Re: [RFC PATCH v3 3/6] sched/fair: Use util biases for utilization and frequency

From: Dietmar Eggemann
Date: Sun May 26 2024 - 18:53:05 EST


On 07/05/2024 14:50, Hongyan Xia wrote:
> Use the new util_avg_bias for task and runqueue utilization. We also
> maintain separate util_est and util_est_uclamp signals.
>
> Now that we have the sum aggregated CFS util value, we do not need to

There is the work uclamp missing somehow here.

> consult uclamp buckets to know how the frequency should be clamped. We
> simply look at the aggregated top level rq->cfs.avg.util_avg +
> rq->cfs.avg.util_avg_bias and rq->cfs.avg.util_est_uclamp to know what
> frequency to choose and how to place tasks.

[...]

> diff --git a/kernel/sched/fair.c b/kernel/sched/fair.c
> index 571c8de59508..14376f23a8b7 100644
> --- a/kernel/sched/fair.c
> +++ b/kernel/sched/fair.c
> @@ -4819,14 +4819,14 @@ static inline unsigned long cfs_rq_load_avg(struct cfs_rq *cfs_rq)
>
> static int sched_balance_newidle(struct rq *this_rq, struct rq_flags *rf);
>
> -static inline unsigned long task_util(struct task_struct *p)
> +static inline unsigned long task_runnable(struct task_struct *p)
> {
> - return READ_ONCE(p->se.avg.util_avg);
> + return READ_ONCE(p->se.avg.runnable_avg);
> }
>
> -static inline unsigned long task_runnable(struct task_struct *p)
> +static inline unsigned long task_util(struct task_struct *p)
> {
> - return READ_ONCE(p->se.avg.runnable_avg);
> + return READ_ONCE(p->se.avg.util_avg);
> }
>
> static inline unsigned long _task_util_est(struct task_struct *p)
> @@ -4839,6 +4839,52 @@ static inline unsigned long task_util_est(struct task_struct *p)
> return max(task_util(p), _task_util_est(p));
> }

IMHO, we now have two complete hierarchies of util signals:

(a) (b) (uclamp version of (a))

(1) task_util() task_util_uclamp() (+ task_util_bias())

(2) _task_util_est() _task_util_est_uclamp()

(3) task_util_est() task_util_est_uclamp()

(4) cpu_util() cpu_util_uclamp()

(5) cpu_util_cfs() cpu_util_cfs_uclamp()

(6) cpu_util_cfs_boost() cpu_util_cfs_boost_uclamp()
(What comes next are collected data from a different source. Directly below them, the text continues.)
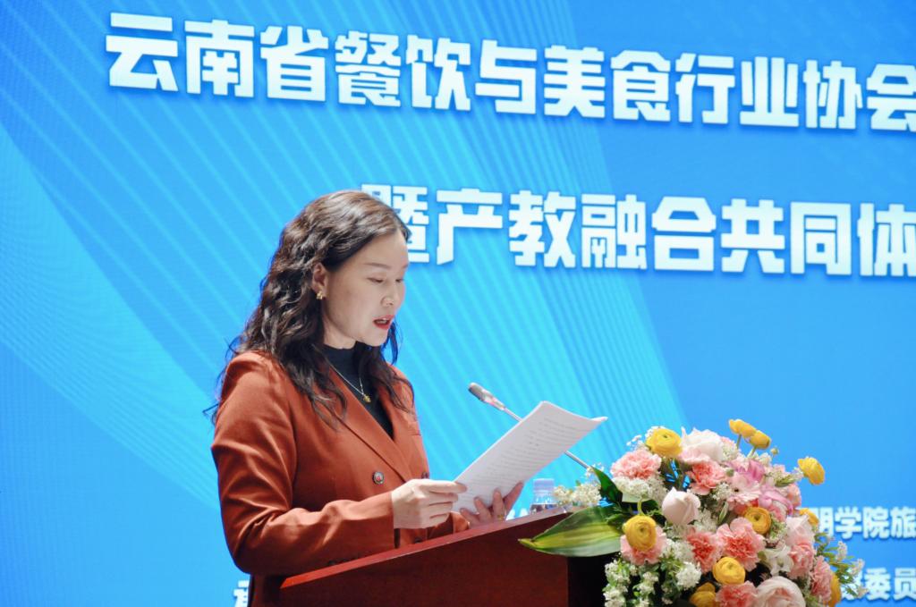 成立大会上,产教融合共同体负责人、教育专家委员会主任、昆明学院旅游学院院长田芙蓉为与会者介绍教育专家委员会的成立背景、宗旨、职责以及围绕职业教育自立自强设计的五项重点工作:提升有关职业学校餐饮类专业办学能力、加强“双师型”教师队伍建设、建设开放型区域产教融合实践中心、拓宽学生成长成才通道、创新国际交流与合作机制。
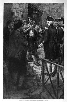 Following this first skirmish, General Schuyler became too ill to continue, so he turned command over to Montgomery. Schuyler left for Fort Ticonderoga several days later.[29] After another false start, and the arrival of another 800–1000 men from Connecticut, New Hampshire, and New York, as well as some of the Green Mountain Boys,[30] Montgomery finally began besieging Fort St. Johns on September 17, cutting off its communications with Montreal and capturing supplies intended for the fort. Ethan Allen was captured the following week in the Battle of Longue-Pointe, when, overstepping instructions to merely raise local militia, he attempted to take Montreal with a small force of men.[31] This event resulted in a brief upturn in militia support for the British; but the effects were relatively short-lived, with many deserting again in the following days.[32] After an attempt by General Carleton to relieve the siege failed on October 30, the fort finally surrendered on November 3.[33]
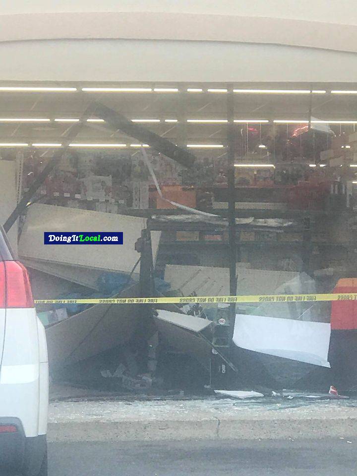 2021-07-22@9:45AM– #Stratford CT– A viewer sent in this photo when a car crashed into the Family Dollar at 60 Access Road this morning. The store was closed afterwards.
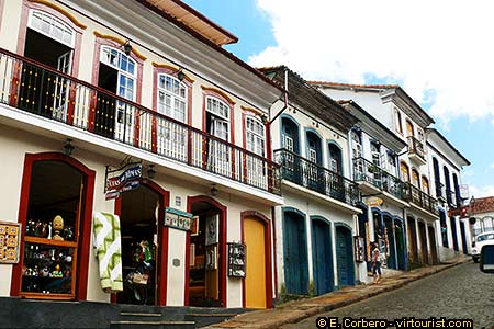 Ouro Preto is very famous for its colonial architecture. Especially famous are its houses, with a white facade and a red roof. Most of the doors and windows are painted in vivid colors (green, blue, yellow, ...), as you can see in this picture.
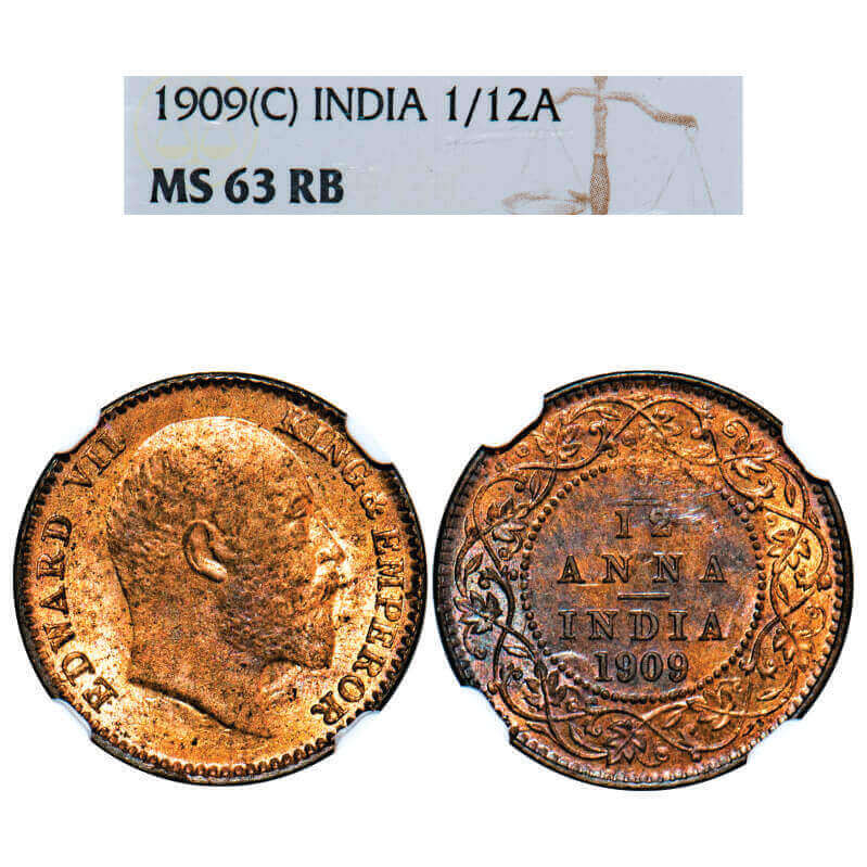 Edward VII, Bronze, 1/12 Anna, 1909, Calcutta Mint, No mint mark. F. Prid 825. GK 1019. NGC Slabbed MS 63 RB. Rare.

For (4), (5), (6) we now have:

--- cpu_util() cpu_util_uclamp()

eenv_pd_busy_time() x

eenv_pd_max_util() x

find_energy_efficient_cpu() x x <-- (A)

cpu_util_without() x

--- cpu_util_cfs() cpu_util_cfs_uclamp()

cpu_overutilized() x x <-- (B)

update_sg_lb_stats() x

update_numa_stats() x

sched_cpu_util() x

--- cpu_util_cfs_boost() cpu_util_cfs_boost_uclamp()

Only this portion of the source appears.